第71章 何したらいいの?
どっちが正しいことを言っているのかは夢にみた私の記憶が物語っている。童男の方が真実を言っている。
『でも…家を出てから那由多は落ち着いたんだ。…君の心配をしていたのは本当だし、俺はそれに安心していた。』
「……」
『………君が俺らの会社に来た時…那由多が言っていたこにとは嘘が多い。でも初対面の君相手にわざわざ訂正する必要もないかと思ったんだ。だから俺は黙っていた。

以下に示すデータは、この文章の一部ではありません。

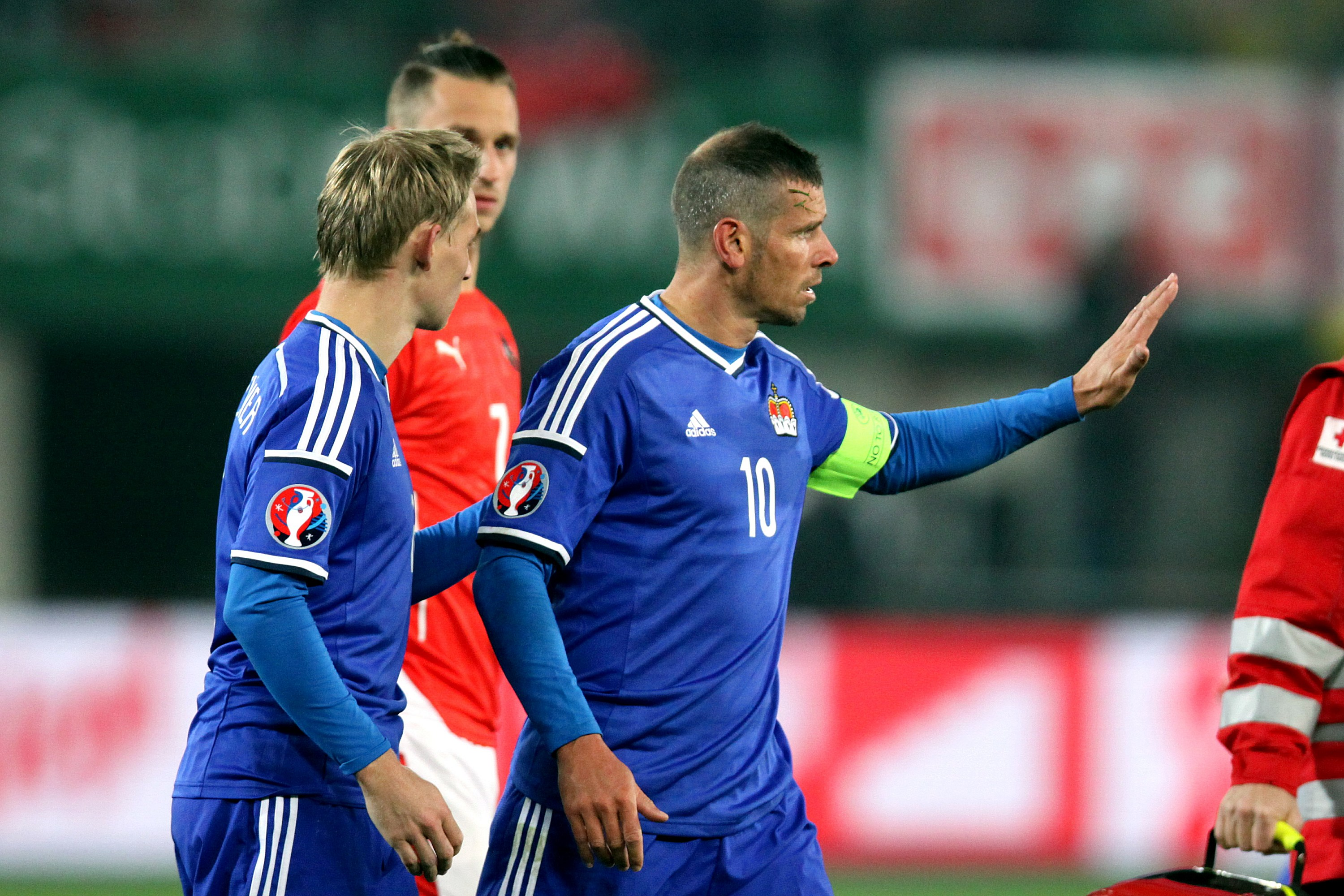 UEFA Euro 2016 qualifying, Group G – Austria (red shirts) vs. Liechtenstein (blue shirts) 3–0 (1–0) on 2015-10-12 in Ernst-Happel-Stadion, Vienna – The photo shows Martin Rechsteiner (left), Marko Arnautović (behind) and Mario Frick (right).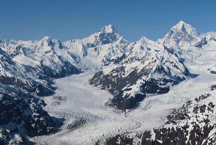 Mount Salisbury centered in the distance beyond Margerie Glacier, with Mount Tlingit to right. Aerial view in Alaska.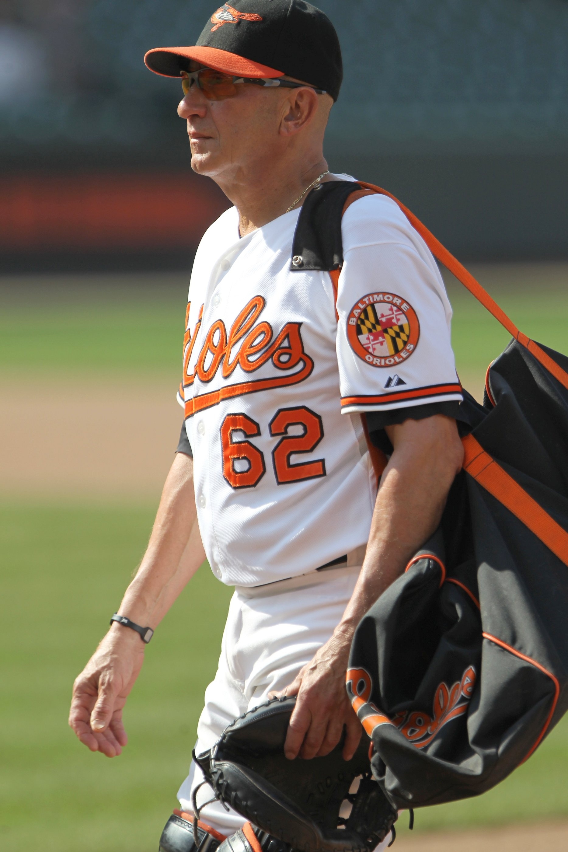 Tigers at Orioles August 14, 2011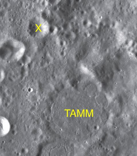 Part of the chart LAC-84 used for the presentation.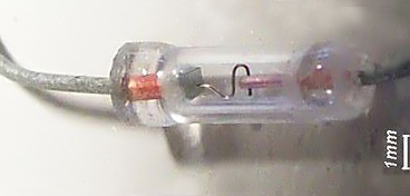 Germanium point contact diode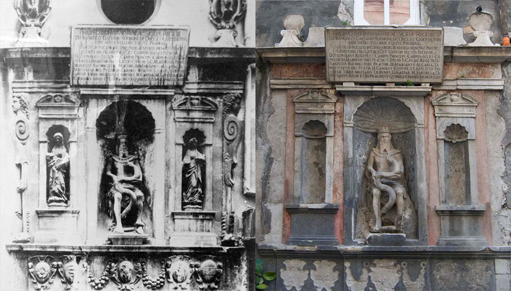 two images of the Genius of Palermo in piazzetta Garraffo taken on 1969 and 2010.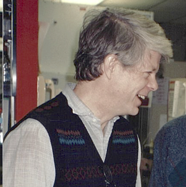 Photo of John Kappler in his lab at National Jewish Health circa 1992-1993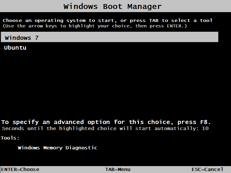 Windows Boot Manager in Windows 7, created by me in Microsoft Paint.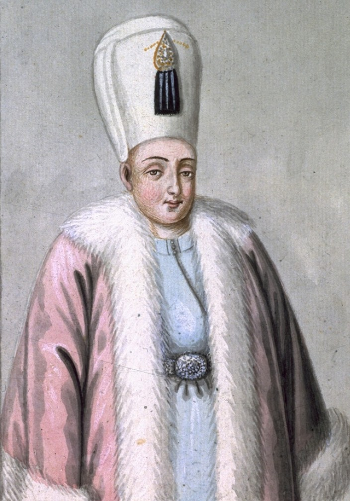 Portrait of Osman II, Sultan of the Ottoman Empire (1618-1622). The portrait has been printed using the Giclée process.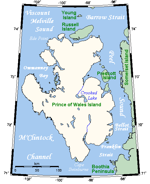 A closeup map of Prince of Wales Island, Nunavut, Canada.

…那由多は記憶がおかしいところ以外では安定していた。でも、また狂い出したのかもしれない。』
「それが買収の件ですか」
童男はそうだ、と言った。
『父親と母親が暴力を振るうきっかけは間違いなく那由多だ。恐らく君が那由多のように反抗しないように…悪い道に行かないように厳しく…最悪な教育を与えたんだ。』
「…」
『けれど、那由多はそれを認められないんだと思う。恐らく、火事のことも自分が悪いのに認められないんだ。自分が家族に暴力を振るっていたことも何もかも認めたくないんだ。
だから都合のいいように記憶を変えたのだろうと思う。…病院に診てもらおうにも、ひどく嫌がるから俺の推測でしかないんだけど。』
「……」
『………ごめん、としか言えないのが…本当に申し訳ない』
……………。
私が、
私が、どんな思いで
私は
「…要するに」
私の、気持ちも、知らないで
でも、あの人の気持ちもわからない
那由多の心は誰にも読めない
「…このまま買収が進むのはまずいってことですよね。」
『うん』
「よくわかりました」
『…うん』
「ありがとうございました」
一言二言挨拶を交わし、電話を切った。
私はしばらく机に突っ伏し、なんとも言えない気持ちで一日を過ごした。